The rate of IgG or total antibodies positivity increased and remained at more than 95% for antibodies detected by CLIA IgG antiS1/S2 (DiaSorin) and ECLIA total antiNP (Roche), for sera collected beyond three months. Nevertheless, the rate of positivity of antiNP IgG antibodies detected by CMIA IgG (Abbott) decreased slightly from 91% for sera collected at three weeks to 82% after three months, and the positivity rate of IgG antibodies detected by ELISA decreased from 85% at three weeks to 60% after three months PSO (Table 2, Figure 1 ).

In addition to the 40 patients followed more than three months PSO and tested by all six assays, there were 31 patients tested by ECLIA total antiNP (Roche) and CLIA IgG antiS1/S2 (DiaSorin), for which serum samples were available for long-term surveillance, from 91 up to 271 days (median duration of 103 days [IQR 92-213]). The sensitivity was 100% using ECLIA total antiNP (Roche), and 97.2% using CLIA IgG antiS1/S2 (DiaSorin) ( Table 2) .

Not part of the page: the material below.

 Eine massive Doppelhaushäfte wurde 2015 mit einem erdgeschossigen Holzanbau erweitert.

There were 21 (13.4%), 8 (5.1%), and 1 (0.6%) patients assessed by ELISA IgG antiNP (Epitope), CMIA IgG antiNP (Abbott), and CLIA IgG antiS1/S2 (DiaSorin) for which the result became seronegative. The median time from symptom onset to the first seronegative result after seroconversion was: 90 (IQR 86.5-94.5), 90.5 (IQR 86.5-93.7), and 46 days for ELISA IgG antiNP (Epitope), CMIA IgG antiNP (Abbott), and CLIA IgG antiS1/S2 (DiaSorin), respectively. All positive serum samples tested by ECLIA total antiNP (Roche) remained positive.

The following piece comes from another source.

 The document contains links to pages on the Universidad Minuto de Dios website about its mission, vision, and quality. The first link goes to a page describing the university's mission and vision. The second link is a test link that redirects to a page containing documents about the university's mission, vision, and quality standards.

The specificity was assessed testing 161 controls by CLIA IgG antiS1/S2, CMIA IgG antiNP, ELISA IgG antiNP, and 158 controls by ECLIA total antiNP. The specificity was more than 97% for all targeted antibodies (Table 2) . 

The sensitivity of CMIA IgM antiS (Abbott) was 74.6%, while the overall sensitivity of ELISA IgM antiNP (Epitope) was 28.2%. The percentage of positive antibodies by ELISA (Epitope) was 56.6% at 11-15 days and had an important drop after four weeks PSO ( Table 2) .

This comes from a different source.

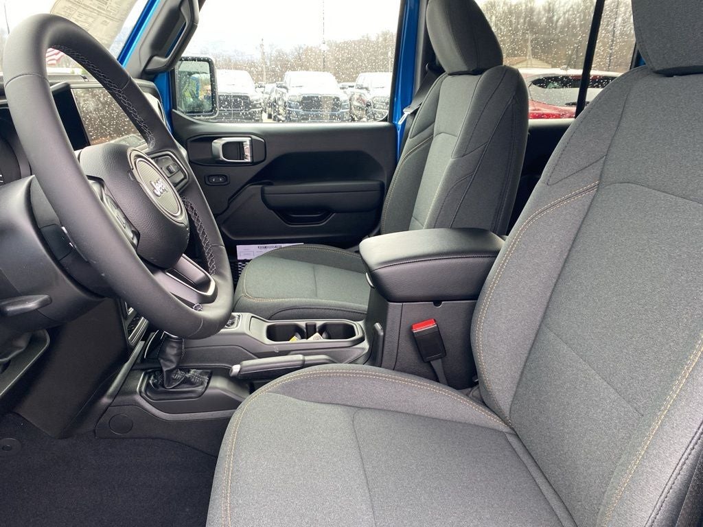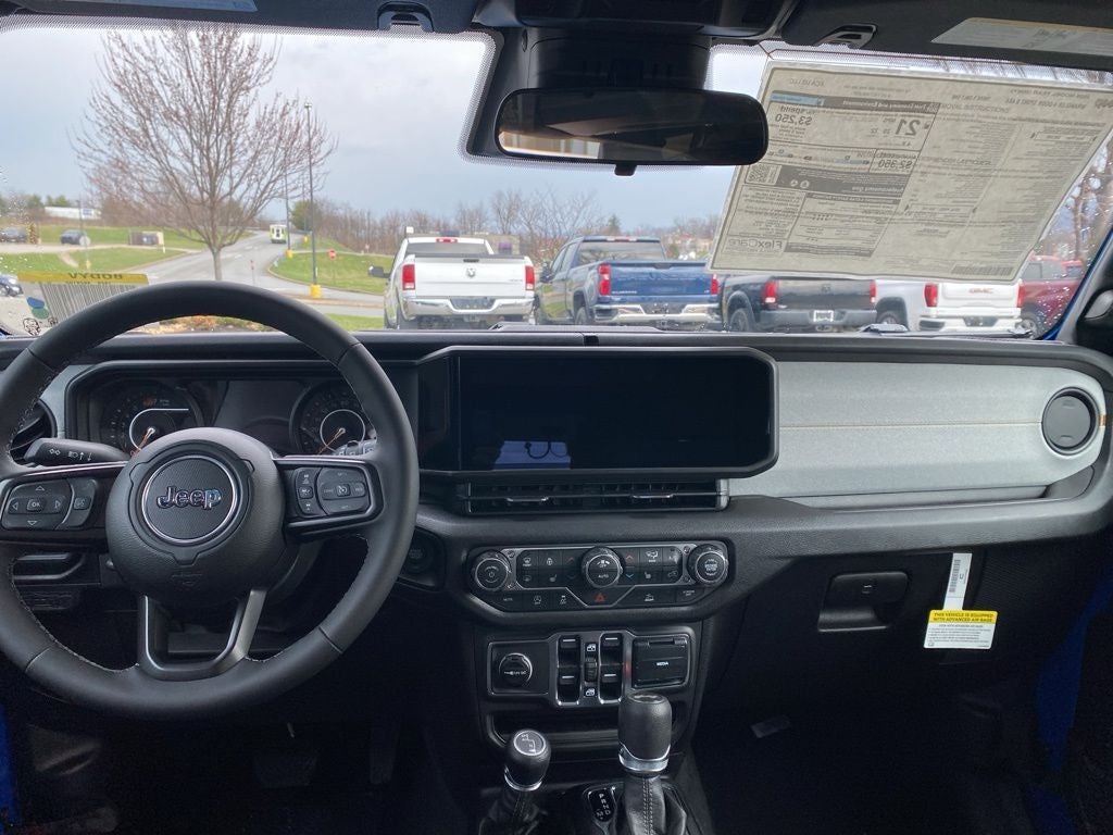Hydro Blue Pearl Coat 2026 Jeep Wrangler Sport S 4WD 8-Speed Automatic 2.0L I4 DOHC 12.3 Touchscreen Display, 2-Door Passive Entry, Front Door Locks, 3.45 Overall Top Gear Ratio, 4-Wheel Disc Brakes, 4G LTE Wi-Fi Hot Spot, 8 Speakers, ABS brakes, Advanced Brake Assist, Air Conditioning, Air Conditioning with Auto Temp Control, Air Filtering, AM/FM radio: SiriusXM with 360L, Apple CarPlay, Apple CarPlay/Android Auto, Automatic Headlamps, Aux Battery, Black 3-Piece Hard Top, Brake assist, Cluster 7.0 TFT Color Display, Compass, Connectivity - US/Canada, Convenience Group, Corning Gorilla Glass, Deep Tint Sunscreen Windows, Delay-off headlights, Driver door bin, Driver vanity mirror, Dual front impact airbags, Dual front side impact airbags, Electronic Stability Control, Emergency/Assistance Call, Enhanced Adaptive Cruise Control, For More Info, Call 800-643-2112, Freedom Panel Storage Bag, Front anti-roll bar, Front Bucket Seats, Front Center Armrest w/Storage, Front fog lights, Front LED Fog Lamps, Front reading lights, Full Speed Forward Collision Warning Plus, Google Android Auto, Heated Front Seats, Heated Steering Wheel, Illuminated entry, Integrated Center Stack Radio, Integrated roll-over protection, LED Headlamp and Fog Lamp Group, LED Premium Reflector Headlamps, Low tire pressure warning, MOPAR All-Weather Floor Mats, Mopar Black Tubular Side Steps, Myflexcare Service Plan, No Soft Top, Non-Lock Fuel Cap Without Discriminator, Normal Duty Suspension, Occupant sensing airbag, Outside temperature display, Overhead airbag, Panic alarm, ParkView Rear Back-Up Camera, Passenger door bin, Passenger vanity mirror, Power Heated Mirrors, Power steering, Power windows, Premium Wrapped Steering Wheel, Quick Order Package 22S Sport S, Radio data system, Radio: Uconnect 5 with 12.3 Display, Rear anti-roll bar, Rear reading lights, Rear Window Defroster, Rear Window Wiper/Washer, Remote keyless entry, Security Alarm, SiriusXM Radio Service, SiriusXM with 360L, Speed control, Split folding rear seat, Steering wheel mounted audio controls, Stop-Start Dual Battery System, Sun Visors with Illuminated Vanity Mirrors, Tachometer, Telescoping steering wheel, Tilt steering wheel, Traction control, Trip computer, Universal Garage Door Opener, Variably intermittent wipers, Wheels: 17 x 7.5 Black Steel Styled, Wheels: 17 x 7.5 Gray.

Out of 128 patients for whom we collected serial serum samples, 102 (79.6%) had seroconversion by CMIA IgM antiS (Abbott) and 70 (54.6%) by ELISA IgM antiNP (Epitope). These results, along with the median time of IgM seroconversion are shown in Table 3 .

The IgM antibodies were not detected by ELISA IgM antiNP (Epitope) in 44 (34.3%) patients and by CMIA IgM antiS (Abbott) in 3 (2.3%) patients (Table 3 ). In addition, there were 42 (32.8%) samples tested by ELISA IgM antiNP (Epitope) and 27 (21.1%) samples tested by CMIA IgM antiS (Abbott), which become seronegative at 31.5 days (IQR 22-49.7) and 88 days (IQR 71-93) PSO.

The sensitivity of combined IgM and IgG (positive if any of these was positive) is included in Table 2 and is higher than detecting either IgM or IgG antibodies.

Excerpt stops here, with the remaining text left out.